(Data block Opens)

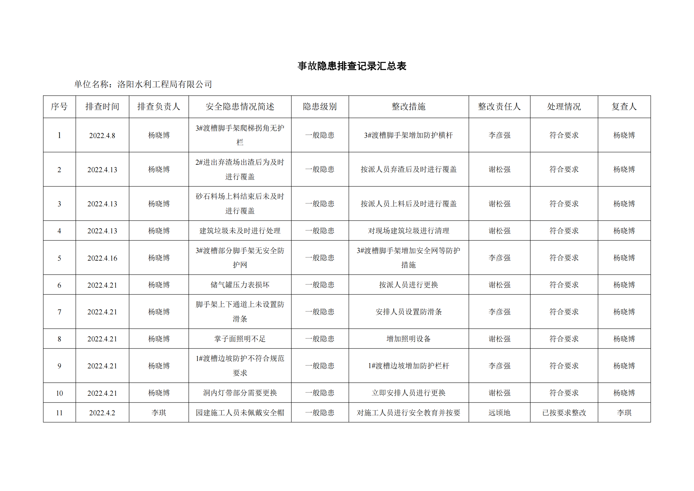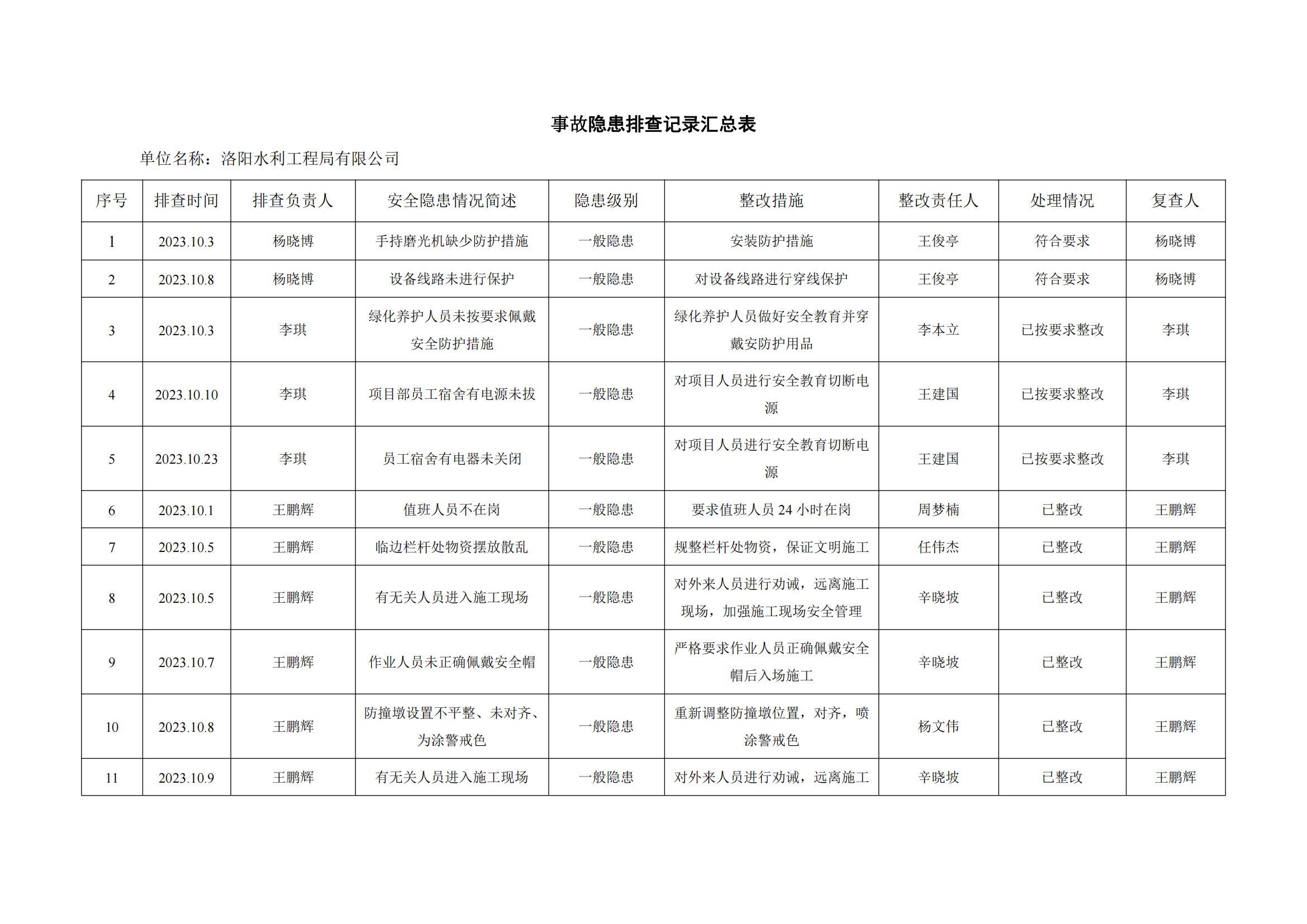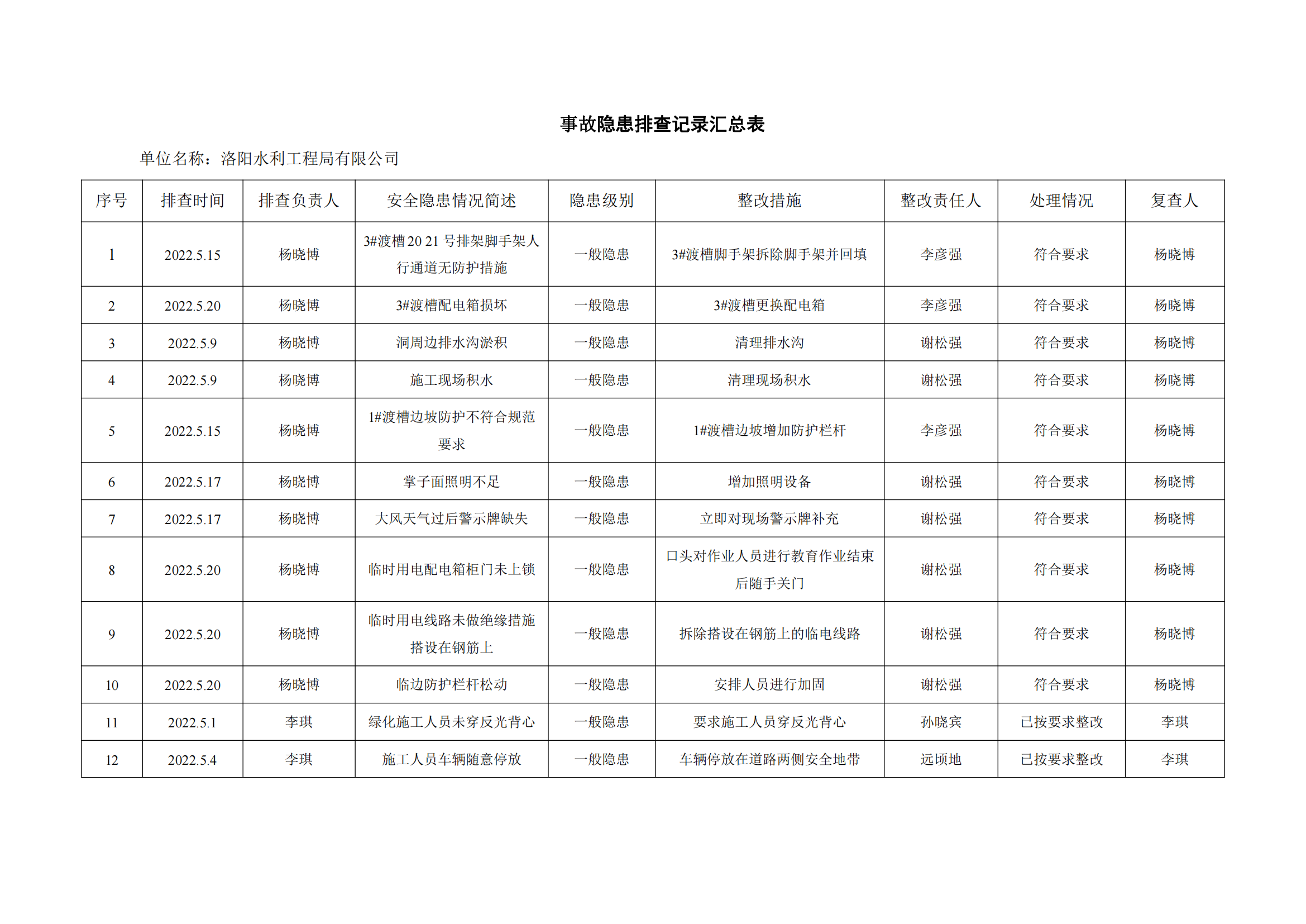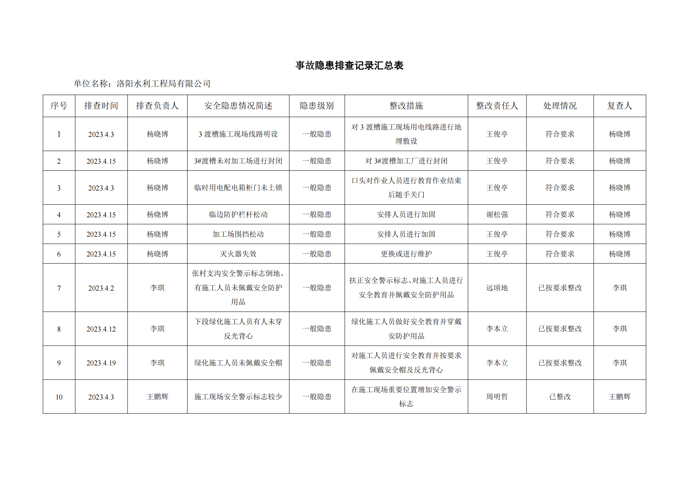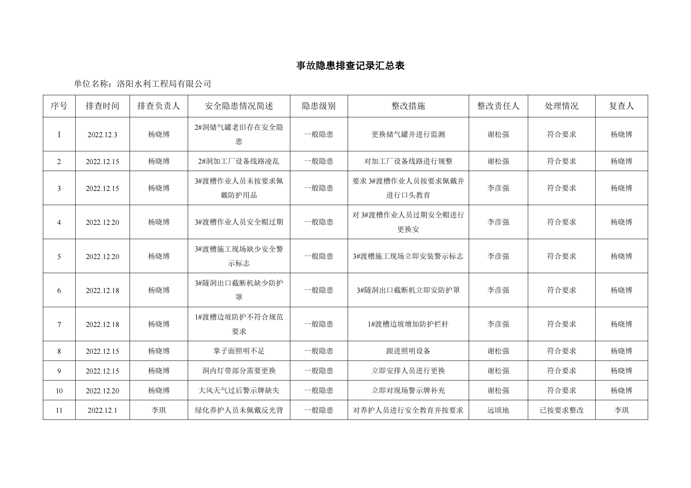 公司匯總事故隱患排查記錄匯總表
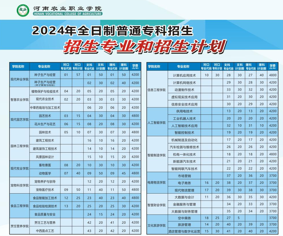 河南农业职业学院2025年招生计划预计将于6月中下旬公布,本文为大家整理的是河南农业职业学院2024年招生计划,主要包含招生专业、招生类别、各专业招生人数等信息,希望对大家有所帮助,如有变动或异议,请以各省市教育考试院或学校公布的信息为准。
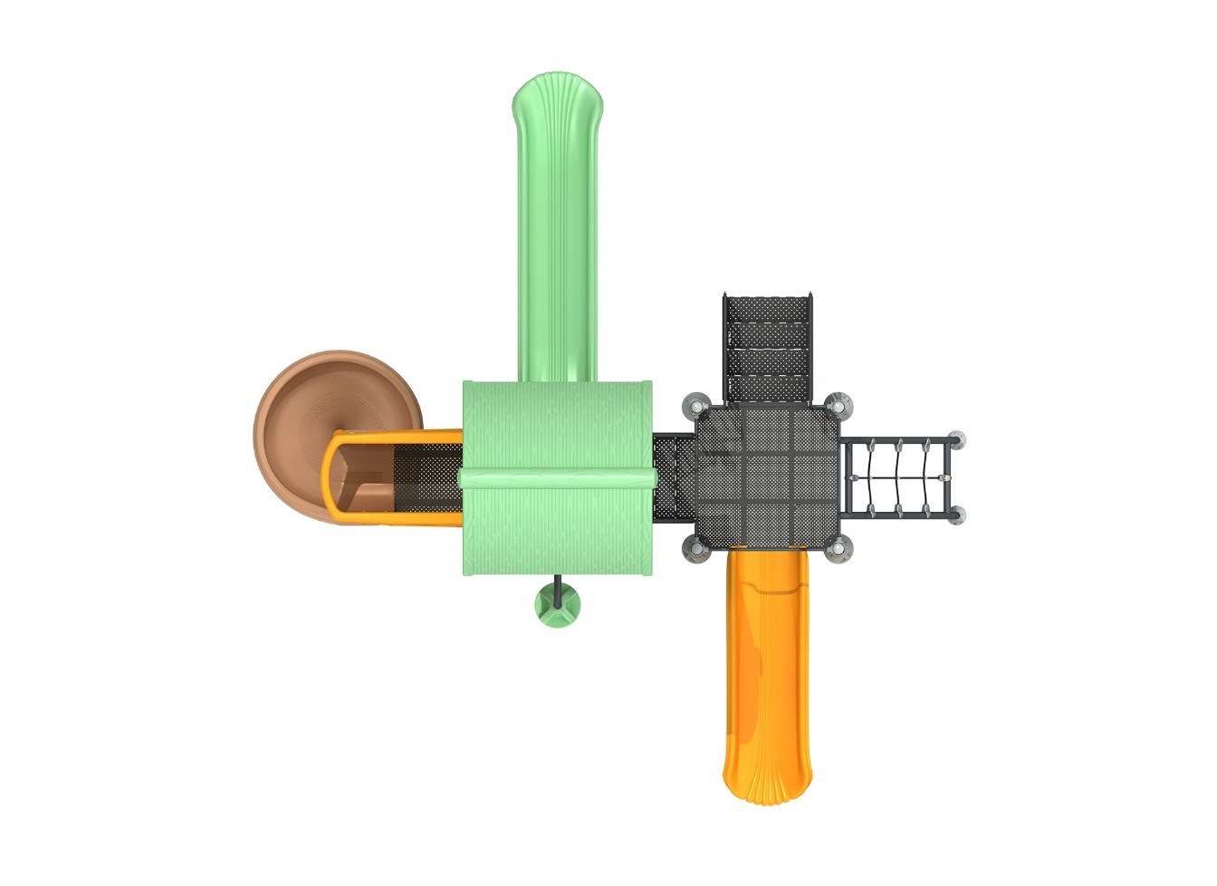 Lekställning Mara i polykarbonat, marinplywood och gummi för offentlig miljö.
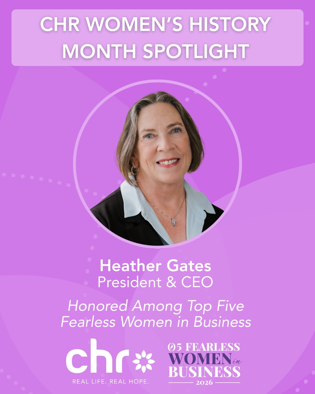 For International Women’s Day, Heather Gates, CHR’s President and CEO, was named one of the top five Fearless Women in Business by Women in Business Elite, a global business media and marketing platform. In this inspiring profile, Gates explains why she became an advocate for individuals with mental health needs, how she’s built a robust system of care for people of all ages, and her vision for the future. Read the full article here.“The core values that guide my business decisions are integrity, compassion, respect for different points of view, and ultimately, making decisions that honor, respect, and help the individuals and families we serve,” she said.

(Data block Closes)

#### Problem to work on:
With the pictures omitted, reproduce the data above exactly.

#### Expected output:
 公司匯總事故隱患排查記錄匯總表
 河南农业职业学院2025年招生计划预计将于6月中下旬公布,本文为大家整理的是河南农业职业学院2024年招生计划,主要包含招生专业、招生类别、各专业招生人数等信息,希望对大家有所帮助,如有变动或异议,请以各省市教育考试院或学校公布的信息为准。
 Lekställning Mara i polykarbonat, marinplywood och gummi för offentlig miljö.
 For International Women’s Day, Heather Gates, CHR’s President and CEO, was named one of the top five Fearless Women in Business by Women in Business Elite, a global business media and marketing platform. In this inspiring profile, Gates explains why she became an advocate for individuals with mental health needs, how she’s built a robust system of care for people of all ages, and her vision for the future. Read the full article here.“The core values that guide my business decisions are integrity, compassion, respect for different points of view, and ultimately, making decisions that honor, respect, and help the individuals and families we serve,” she said.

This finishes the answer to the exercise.